A field example of constructing pseudo Pc curves and characterizing tight sandstone reservoir pore structure from NMR logging data by using the proposed method

Conclusions

Tight sandstone reservoirs cannot be directly estimated by using conventional methods due to the complicated pore structure. To improve tight sandstone reservoir evaluation, the pore structure should be first evaluated. The NMR logging was effective in evaluating formation pore structure once it was first transformed as the pseudo Pc curve.

The relationship between the T2 time and the pore throat radius Rc was not a simple linear function, but a non-linear power function. To acquire reliable Pc curves from NMR logging, the classified power function method should be used. In the method, formation was first classified into three types, and for every type of rock, the power function was used to establish the relationship of T2 time and pore throat radius.

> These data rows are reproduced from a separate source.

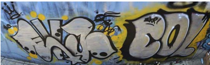
Figura 2. Eva Bracamontes (2015).

A presença de graffiti nas cidades implica, paralelamente, reconhecer a existência de domínios diferenciados de linguagem e enunciação, ou seja, de práticas expressivas que se apropriam de algumas características da escrita formal para se distanciar dela, para desafiar e contestar sua imposição (Rama, 1998). No graffiti, entendido neste texto na sua acepção primária de assinar distintos suportes com um pseudônimo ou apelido (o que no vocabulário desse fenômeno urbano se reconhece como fazer uma tag , aproximando esse uso às origens do movimento hip-hop estadunidense da década de 1970), tem lugar uma forma de escrita que dá origem a uma língua política, o que, de acordo com Claudia Kozak (2004, p. 97), “permite a leitura assombrada diante do habitual adormecimento dos sentidos urbanos”.
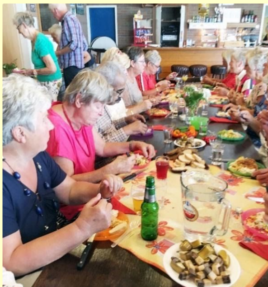
Afb. 9. De brunch-maaltijd op 4 augustus in de MFR werden door velen bezocht en viel goed in de smaak
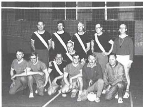
"The T 4-wings" och volleybollslaget från värnpliktskontor Syd.

tat har nåtts. Klubben har under året även deltagit i av Sportskytteförbundet anordnade seriesystem i Int Finpist. Tävlingsutbyte har skett med Tyringe pk avseende 7 tävlingar "int finpist" där T 4 psk hade otur. Tränings tävlingar i fältskjutning har som vanligt skett mellan T 4 psk - Tyringe pk - Sösdala pk och P 2 skf omfattande fem tävlingar. Klubben har under året varit värd för kretsens damtävling samt för en krets-fältskjutning och en krets-fältskjutning. Medlemmarna har under året i en ökad omfattning re-
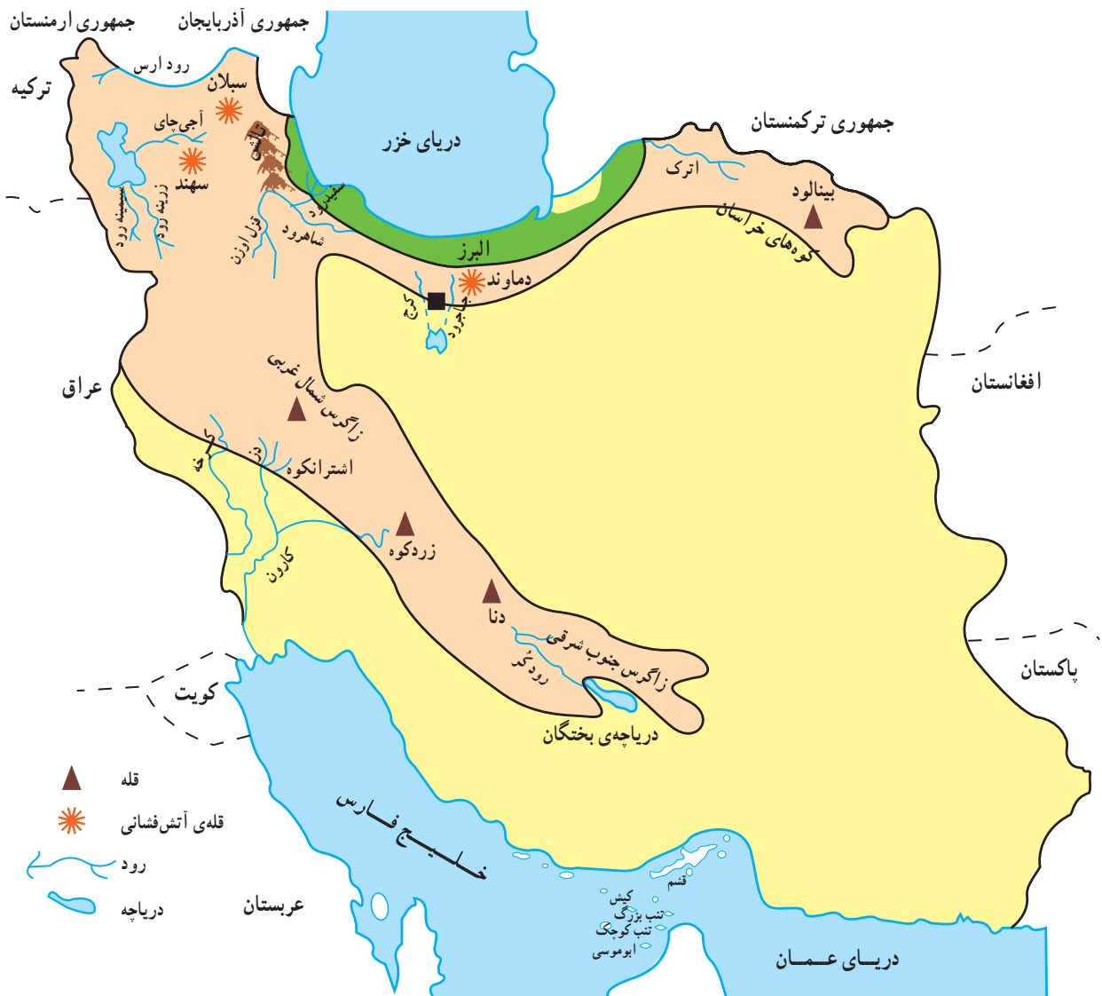
شکل ۴۶ - ناهمواری های ناحیه ی کوهستانی

(آذربایجان) به یکدیگر متصل شده اند. در برخی کوه های بلند آذربایجان، آثار آتش فشانی گذشته به خوبی دیده می شود. سهند و سبلان بلندترین قله های آتش فشانی این ارتفاعات اند. در زمستان برف فراوانی در ارتفاعات انباشته می شود که منبع تأمین آب رودها و چشمه هاست. رود مرزی ارس بین ایران و جمهوری آذربایجان و جمهوری ارمنستان در شمال این ناحیه جریان دارد. پست ترین نقطه ی آذربایجان، دریاچه ی ارومیه است. با توجه به شکل ۴۶ بگویید که کدام رودها به دریاچه ی ارومیه می ریزد؟
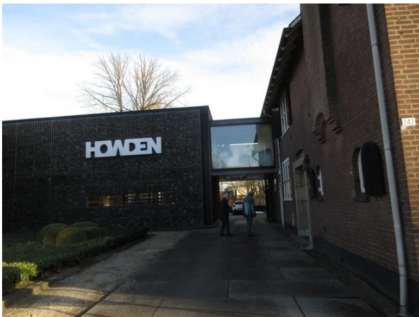
Ringbaan West 242-240 A
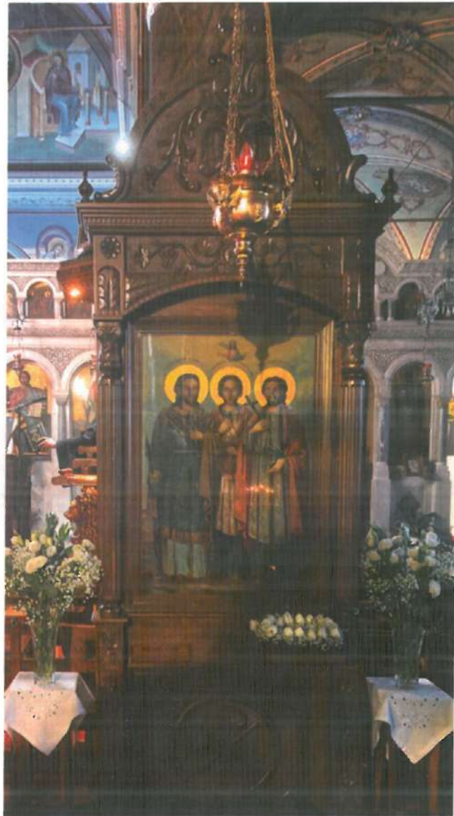
Προσκυνητάριον με εικόνα του Νεομάρτυρος Ἀγγελῆ του Ἀργείου καὶ ὕφασμα με τὸ αἷμα τοῦ Ἁγίου. (Γ. Ν. Ἀγ. Μάρκου Βροντάδου)
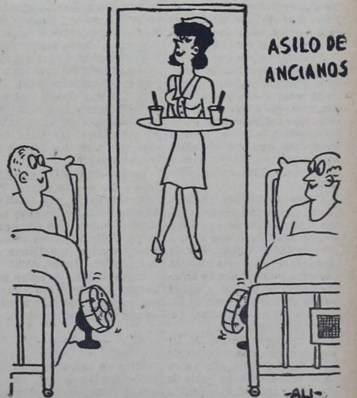
—¿Listo?... Apenas entre, aprietas el botón...
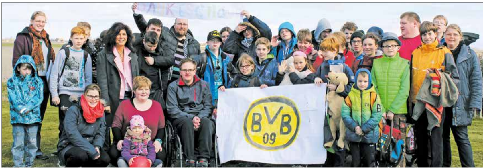
Dankeschön BVB: Kinder mit und ohne Behinderung hatten eine erlebnisreiche, gemeinsame Zeit auf Texel.

Kinder mit und ohne Behinderung begeistert / BVB-Stiftung fördert inklusives Ferien-Camp auf Texel
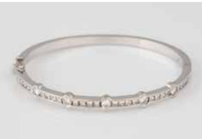
131 | DIAMANT-ARMREIF Weißgold. Innenmaß ca. 5,9 x 5,2 cm, Ges.-Gew. ca. 18,8 g. Gest. 750. fünf Brillanten, zus. ca. 0,75 ct., 24 Diamanten im Princess-Schliff, zus. ca. 1,44 ct. Min. Tragespuren. € 1.100,-
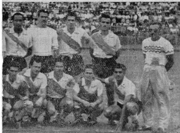
Campeón Nacional 1951 vencedor del Banfield y Universitario enfrentará al SEVILLA, el domingo 13 de Julio.

1921-1922-1924 1927-1930-1931 1932-1933-1935 1937-1947-1948-1952
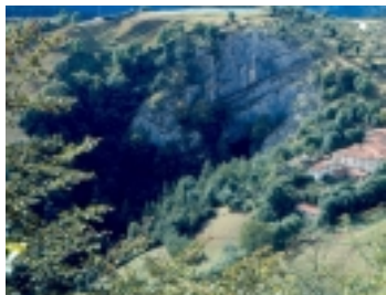
Sumidero de Gesaltza
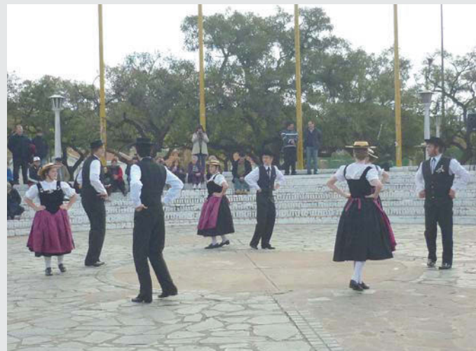
Cuerpo de Baile "Encantos Alpinos"

En su sede de la calle Lavalle 115 en la pintoresca ciudad de
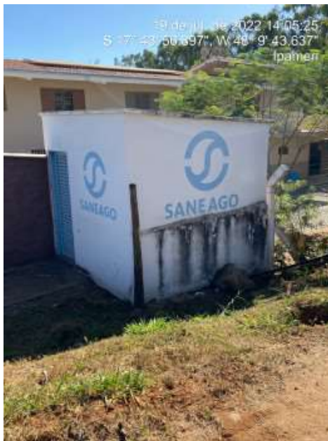
Foto 9 - Booster Jardim Europa com cerca recuperada.
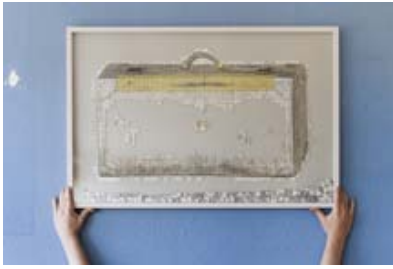
Wir puzzeln uns ein Bild vom Bild, das dann auch so aussehen kann, wie ...

In this study, 20 core samples recovered from the Chang 8 Formation in Huangjiang Region, west Ordos Basin, were used to calibrate the involved parameters in the proposed model, and a well was processed to verify the reliability. The result illustrated that the proposed method was available; it can be used to consecutively construct pseudo Pc curves from NMR logging in the intervals with which field NMR logging data was acquired.